Prokuratura twierdzi, że spółka sprowadzała luksusowe, kompletne samochody o dużej wartości. W jednym z warsztatów samochodowych następowała ich dekompletacja - by rzeczoznawca mógł wydać opinię o ich zaniżonej wartości.

Dziewięć osób zasiądzie na ławie oskarżonych w sprawie dotyczącej oszustw podatkowych, do których miało dochodzić przy "ściąganiu" samochodów do Polski. Śledczy szacują, że Skarb Państwa mógł stracić na podatkach co najmniej 4 mln zł. Sprawa jest ogólnopolska, ale z trójmiejskim wątkiem.



Prezes z Białorusi "słupem", szefowali ludzie z Trójmiasta



Kupując samochód, zwracam uwagę przede wszystkim na:

W toku śledztwa ustalono, że w styczniu 2019 roku na terenie Poznania zarejestrowana została spółka prawa handlowego, której prezesem został obywatel Białorusi.

- Spółka zajmowała się sprowadzaniem pojazdów z zagranicy, ich rejestracją i dalszą sprzedażą na terenie Polski. Z dokumentów stanowiących podstawę do rejestracji pojazdów wynikało, że były one zdekompletowane i uszkodzone.
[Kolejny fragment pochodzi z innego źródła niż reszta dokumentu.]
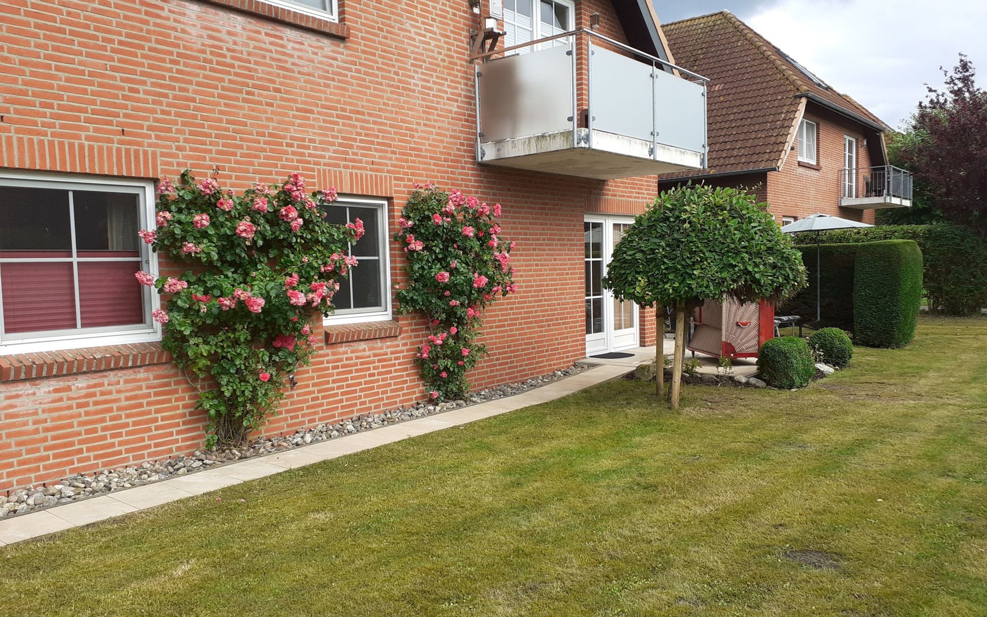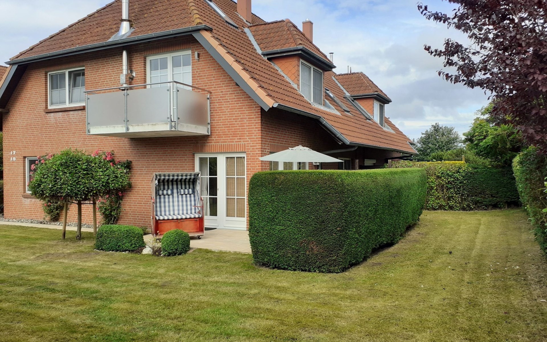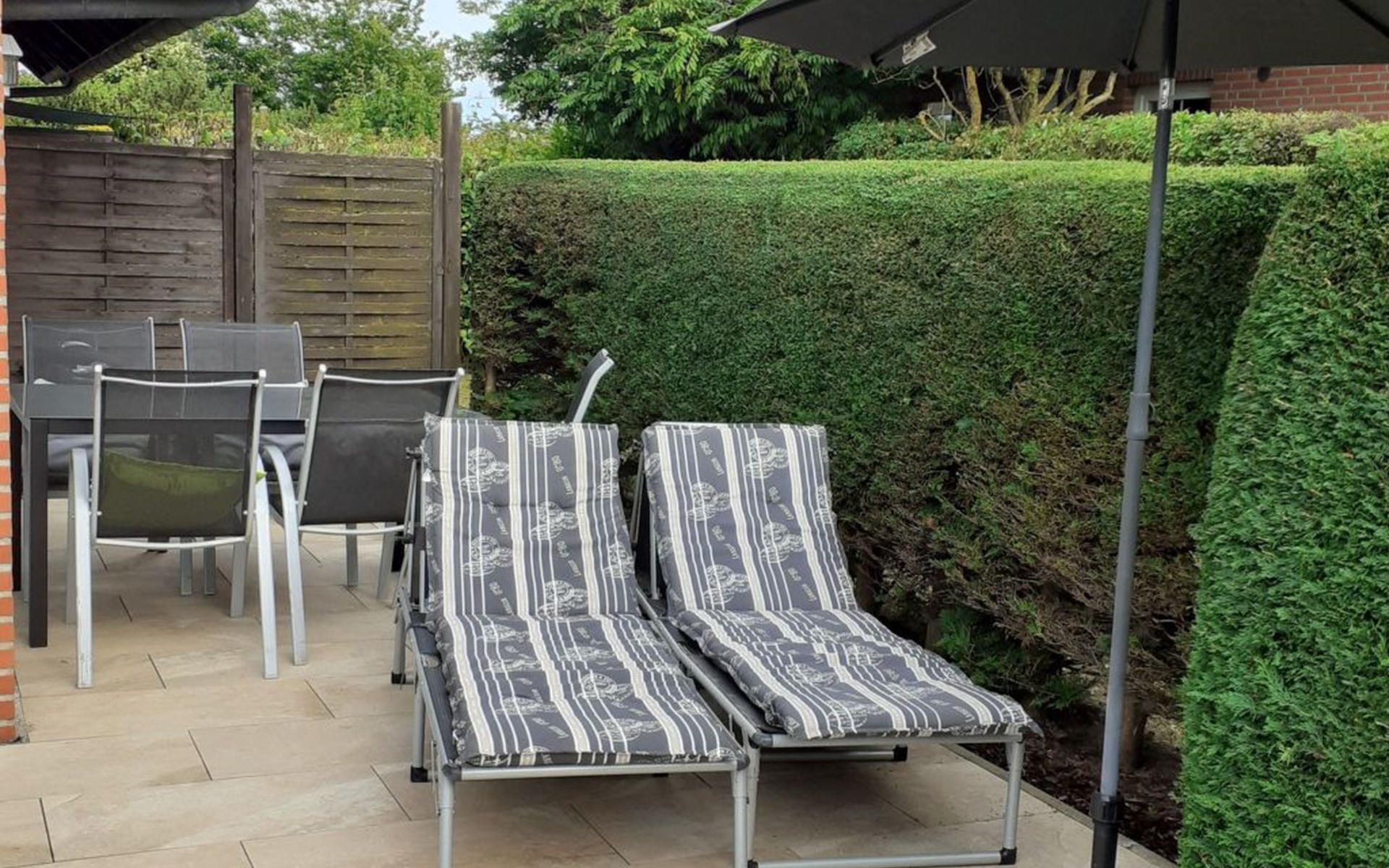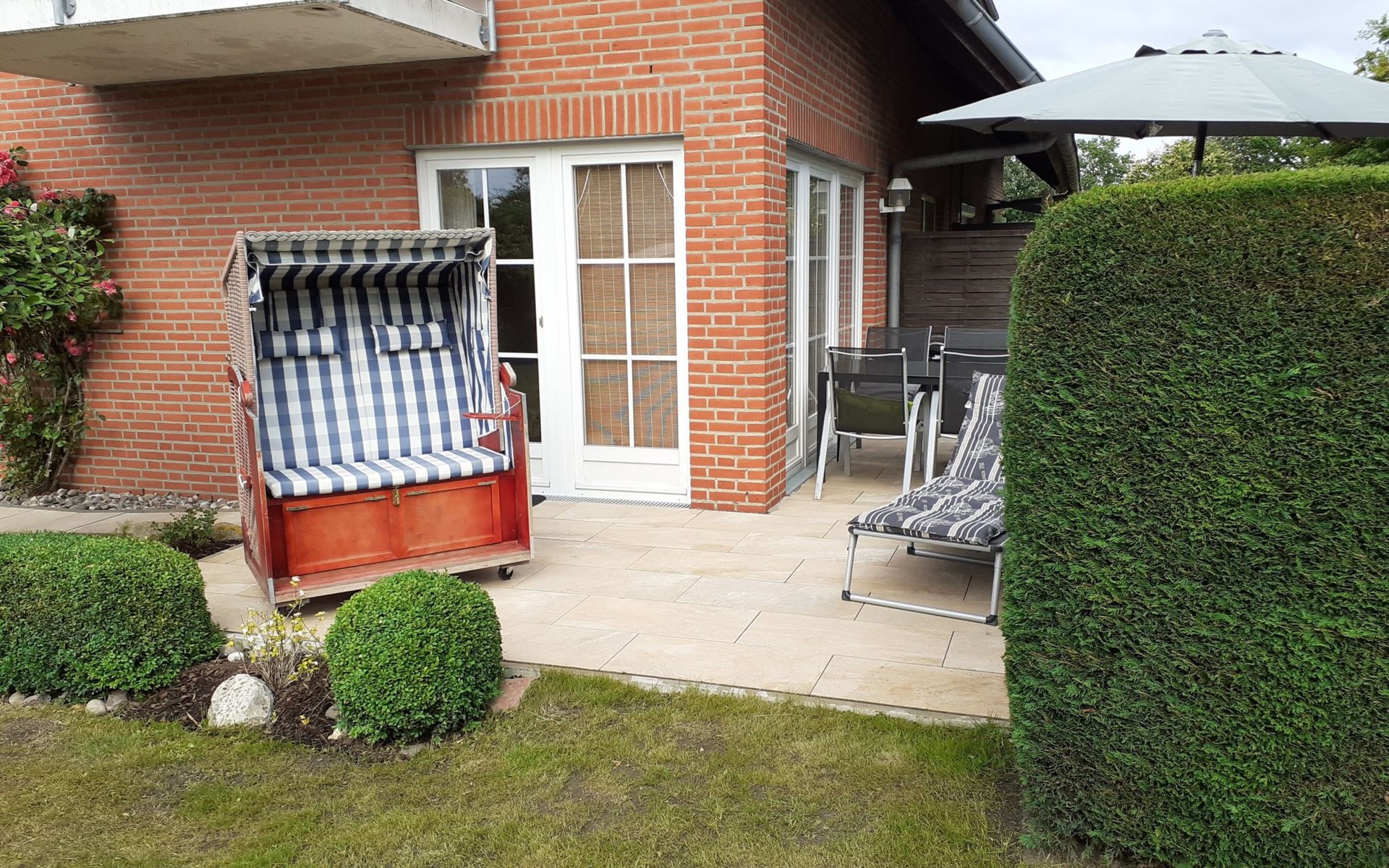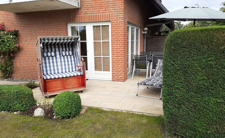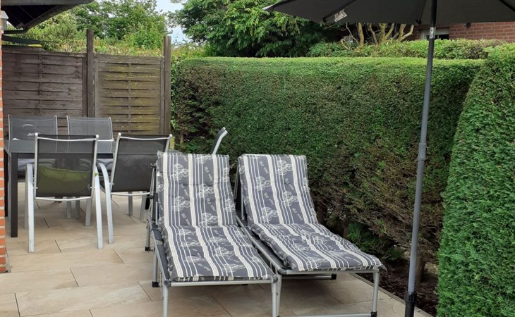 The terrace has garden furniture, sun loungers and a parasol. A grill is available. You can relax in the canopy beach chair and share use of the garden. You can park your car in the car port in front of the house. Behind it there is a lockable storage room for bicycles or other items.

Na tę okoliczność sporządzane były opinie rzeczoznawcy. W ten sposób ustalano wartość pojazdu stanowiącego podstawę opodatkowania podatkiem akcyzowym na około 30 procent wartości pojazdu kompletnego - tłumaczy prok. Marzena Muklewicz z Prokuratury Regionalnej w Gdańsku.
Prokuratura twierdzi tymczasem, że faktycznie spółka sprowadzała luksusowe, kompletne samochody o dużej wartości. W jednym z warsztatów samochody były dekompletowane - by rzeczoznawca mógł wydać opinię o ich zaniżonej wartości.
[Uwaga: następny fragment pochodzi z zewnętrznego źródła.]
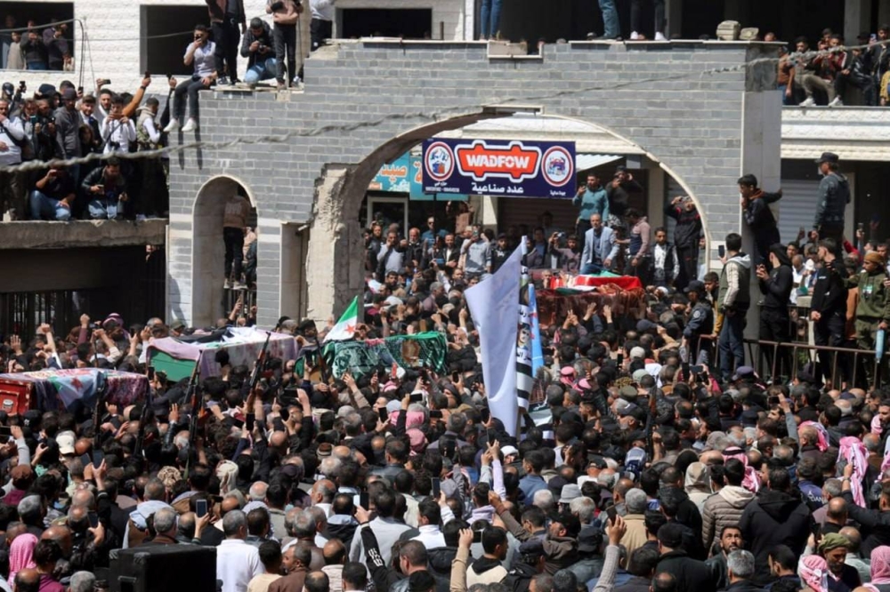 شيع السوريون اليوم (الخميس) قتلى العدوان الإسرائيلي على منطقة حرش سد الجبيلية الواقع بين مدينة نوى وبلدة تسيل غرب درعا.
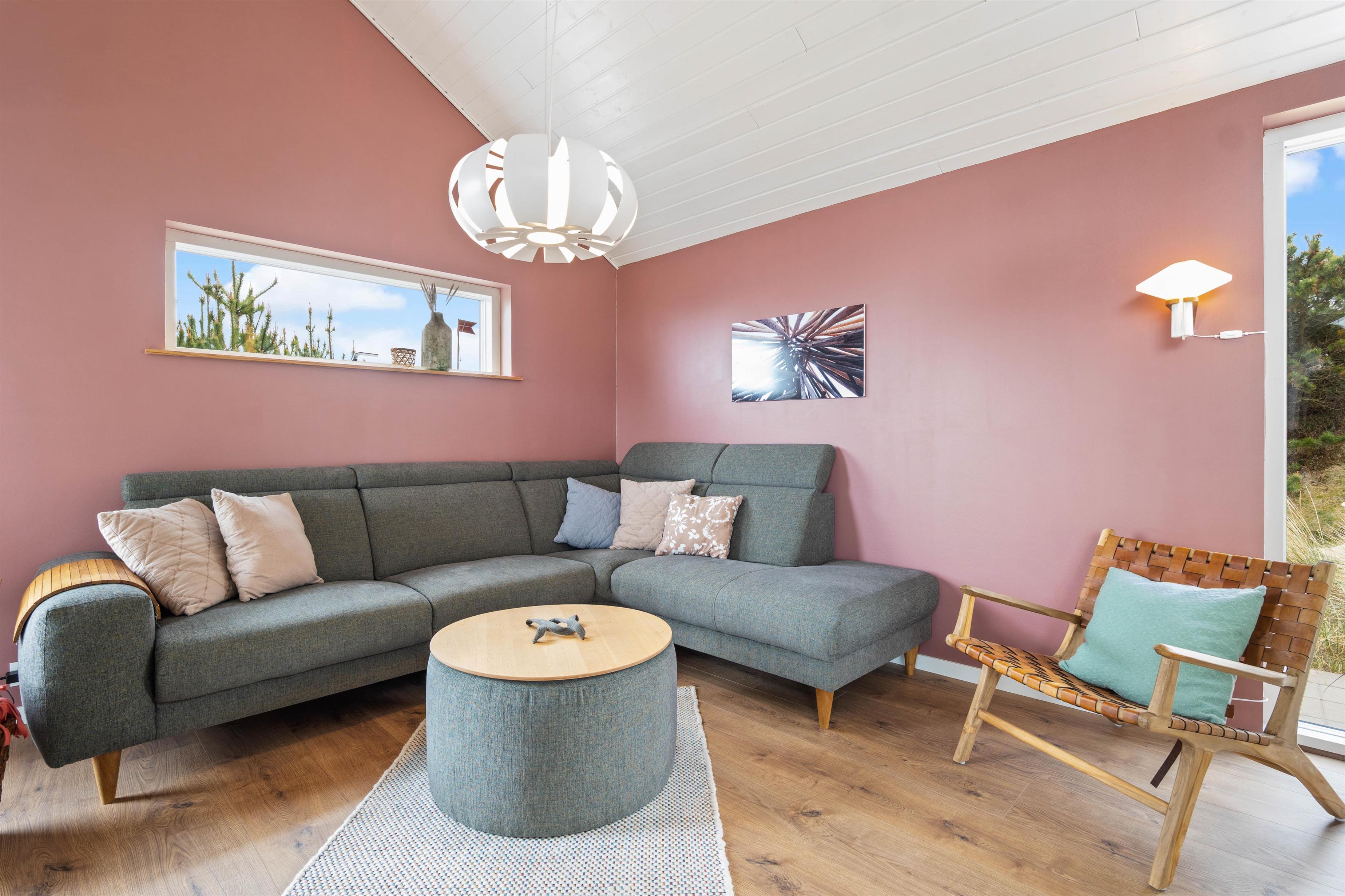 Den hyggelige brændeovn er centralt placeret i spiseafdelingen og spreder herfra sit hyggelige skær og karakteristiske varme. Opholdsstuen ligger i åben forbindelse med køkkenalrummet, og det charmerende sofahjørne kan virke tillokkende på enhver, der trænger til at slappe af med en god film eller bog efter en fantastisk dag i den friske vesterhavsluft.

- Po przeprowadzeniu oględzin przez rzeczoznawcę pojazdy były przywracane do stanu pierwotnego i w takiej formie sprzedawane lub użytkowane przez członków grupy. Prezes spółki, obywatel Białorusi, był jedynie tzw. słupem. W rzeczywistości działalność spółki była prowadzona przez dwóch oskarżonych członków zorganizowanej grupy, mieszkańców Trójmiasta. Zajmowali się oni sprowadzaniem pojazdów do Polski, organizowali transport pojazdów do warsztatów samochodowych, zlecali sporządzanie opinii przez rzeczoznawcę oraz przekazywali dokumenty służące do rejestracji pojazdów we właściwym urzędzie - wylicza prok. Muklewicz.
W większości przypadków pojazdy miały być sprowadzane do warsztatu samochodowego prowadzonego przez jednego spośród oskarżonych w sprawie. Opinie we wszystkich przypadkach były z kolei - zdaniem prokuratury - sporządzane przez tego samego rzeczoznawcę oskarżonego w śledztwie.
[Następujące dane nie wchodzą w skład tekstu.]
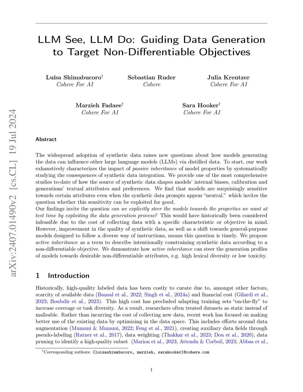 The widespread adoption of synthetic data raises new questions about how models generating the data can influence other large language models (LLMs) via distilled data. To start, our work exhaustively characterizes the impact of passive inheritance of model properties by systematically studying the consequences of synthetic data integration. We provide one of the most comprehensive studies to-date of how the source of synthetic data shapes models' internal biases, calibration and generations' textual attributes and preferences. We find that models are surprisingly sensitive towards certain attributes even when the synthetic data prompts appear "neutral". which invites the question whether this sensitivity can be exploited for good. Our findings invite the question can we explicitly steer the models towards the properties we want at test time by exploiting the data generation process? This would have historically been considered infeasible due to the cost of collecting data with a specific characteristic or objective in mind. However, improvement in the quality of synthetic data, as well as a shift towards general-purpose models designed to follow a diverse way of instructions, means this question is timely. We propose active inheritance as a term to describe intentionally constraining synthetic data according to a non-differentiable objective. We demonstrate how active inheritance can steer the generation profiles of models towards desirable non-differentiable attributes, e.g. high lexical diversity or low toxicity.

Osobowe sprowadzane jako ciężarówki



- Ustalono ponadto, że oskarżeni sprowadzali także do Polski z Niemiec luksusowe samochody osobowe, na które wystawione były poświadczające nieprawdę dokumenty wskazujące, że są to pojazdy ciężarowe lub specjalne. Również dokumenty w postaci zaświadczeń o dokonaniu zmian konstrukcyjnych pojazdu oraz zaświadczeń o przeprowadzanych badaniach technicznych były podrabiane i potwierdzały czynności, których w rzeczywistości nie przeprowadzono - mówi prokurator.
Z ustaleń śledztwa wynika, że sprowadzane do Polski pojazdy wskazywane jako ciężarowe w rzeczywistości były samochodami osobowymi. W ten sposób unikano akcyzy, która jest naliczana w przypadku sprowadzania na polski obszar celny pojazdów osobowych.

- Oskarżeni dopuszczali się także przestępstw karno-skarbowych. Wystawiali oni nierzetelne faktury VAT służące do rejestracji pojazdów, nieodzwierciedlające rzeczywistych operacji sprzedaży i zakupu towarów, i w ten sposób unikali uiszczania podatku od towarów i usług lub uzyskiwali nienależny zwrot podatku - dowiadujemy się w prokuraturze.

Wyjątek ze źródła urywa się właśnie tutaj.